EBV-specific Cytotoxic T-lymphocytes (CTLs) for Refractory EBV Infection

1. Patients with Epstein-Barr virus infections post allogeneic HSCT or with primary
immunodeficiencies with:

- Increasing or persistent quantitative EBV RT-PCR DNA copies despite two weeks of
appropriate anti-viral therapy and/or

- progressive clinical symptoms attributable to EBV, including biopsy proven colitis,
lymphadenopathy, hepatomegaly, splenomegaly AND/OR

- Medical intolerance to anti-viral therapies including:

- intolerance to rituximab Consent: Written informed consent given (by patient or legal
representative) prior to any study-related procedures.
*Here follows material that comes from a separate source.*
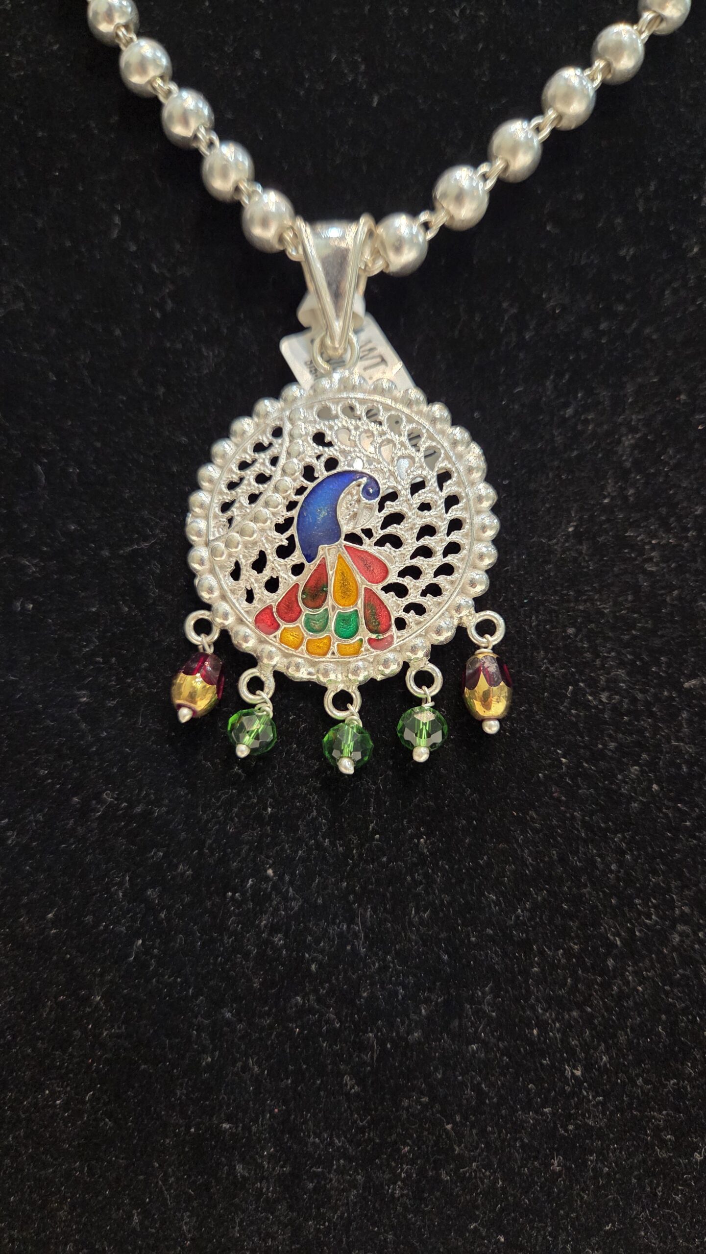 SILVER PENDENT SET WITH SILVER MALA LENGTH IS ADJUSTABLE AS YOU LIKE.
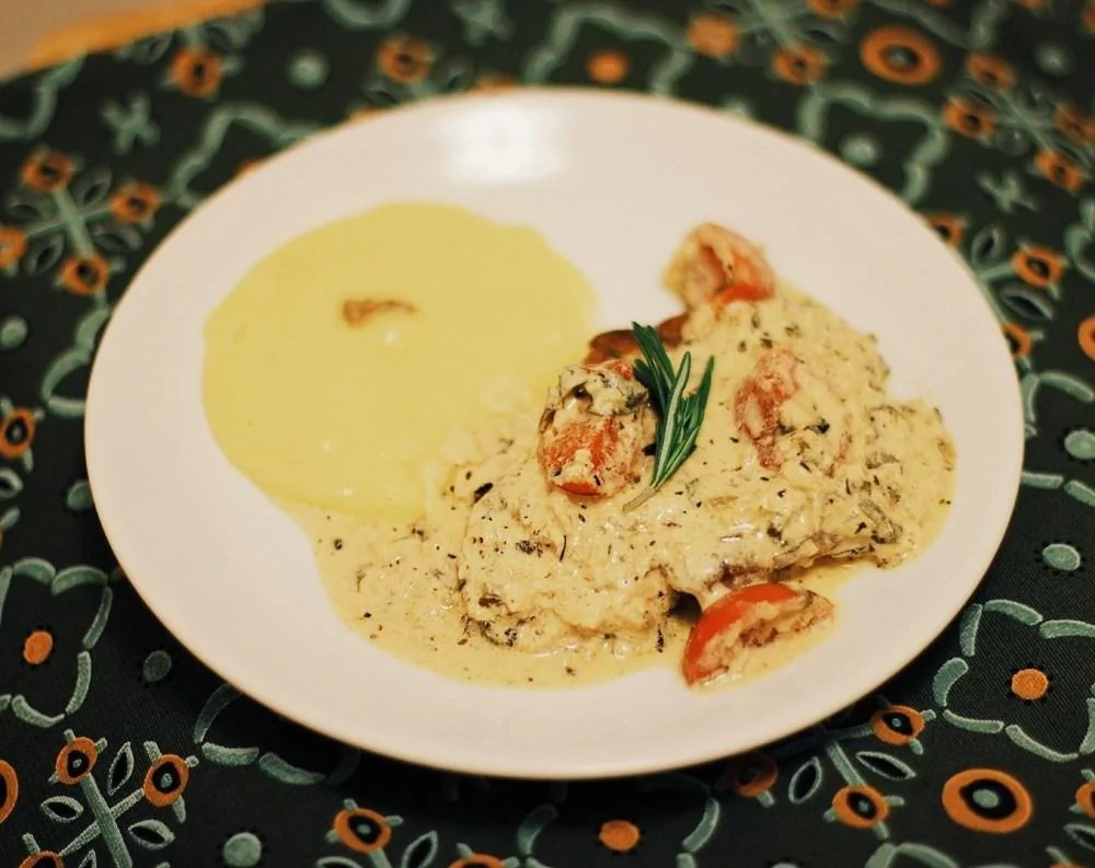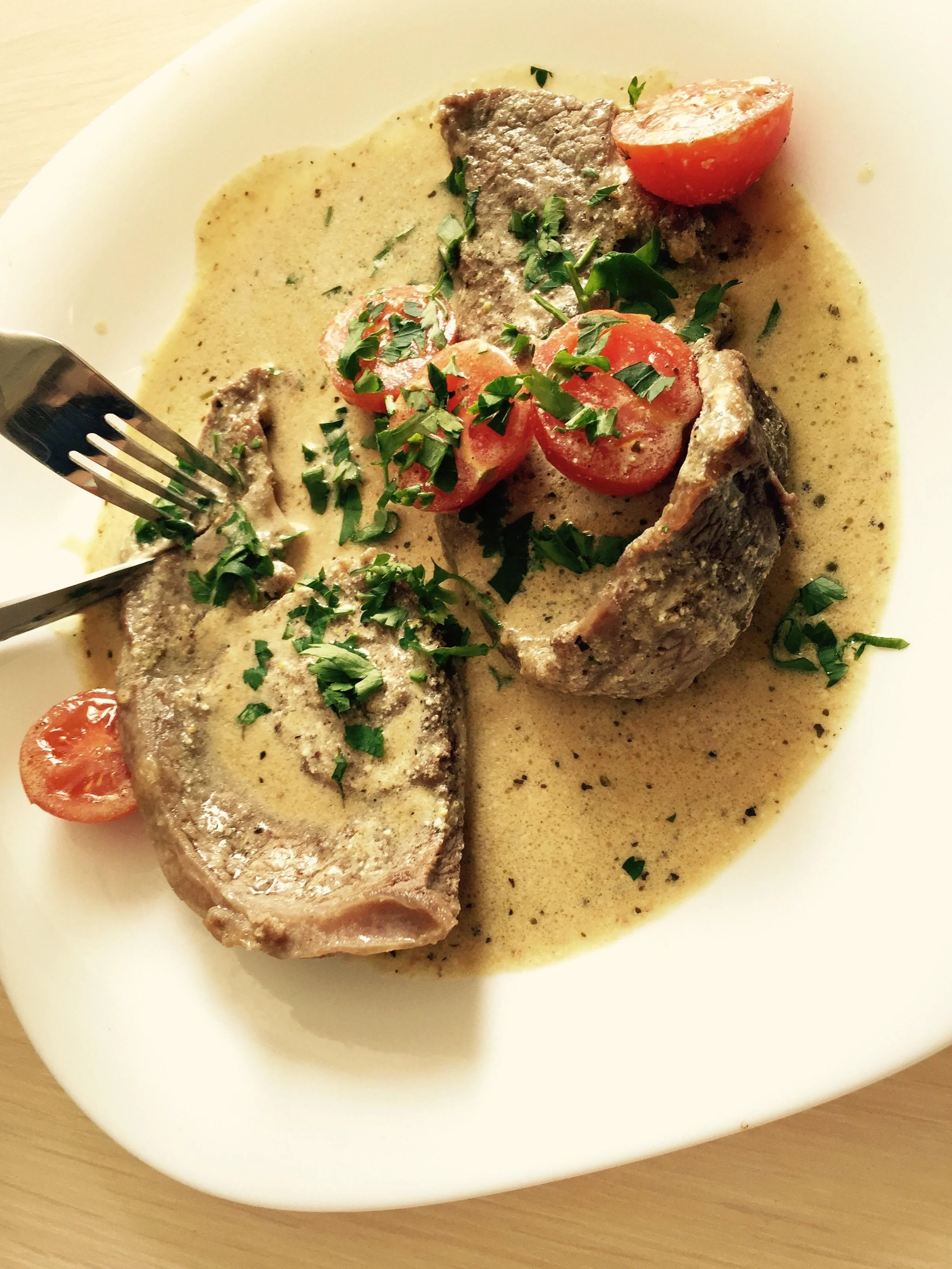ШАГ 5 Переложить готовые медальоны в теплое место, упаковав в фольгу. А в остатки мясного соуса на сковороде, где жарились медальоны, долить винно-сливочный соус, добавить горчицу, посолить, поперчить, взбить венчиком и тушить две минуты, потом добавить помидоры и пряные травы и тушить еще минуту-другую. Полить этим соусом медальоны перед подачей на стол.

Performance Status > 30% (Lansky < 16 yrs and Karnofsky > 16 yrs) Age: 0.1 to 30.99 years
The first 3 patients entered and possibly the next 3 patients entered will be limited to
age 12.0 - 30.99 years. See section 9.3.4 for age eligibility in the first 6 patients.

There will be a temporary hold until 45 days after the 3rd patient and possibly the 6th
patient has received their EBV-CTLs, The study should be reopened for patients of all ages
(0.1-30.99 years). (See Section 9.3.4 for instructions) Females of childbearing potential
with a negative urine pregnancy test

2 Donor Eligibility 5.2.1 Related donor available with a T-cell response to the EBV MACS®
GMP PepTivator antigen(s) causing the therapy-refractory EBV infection.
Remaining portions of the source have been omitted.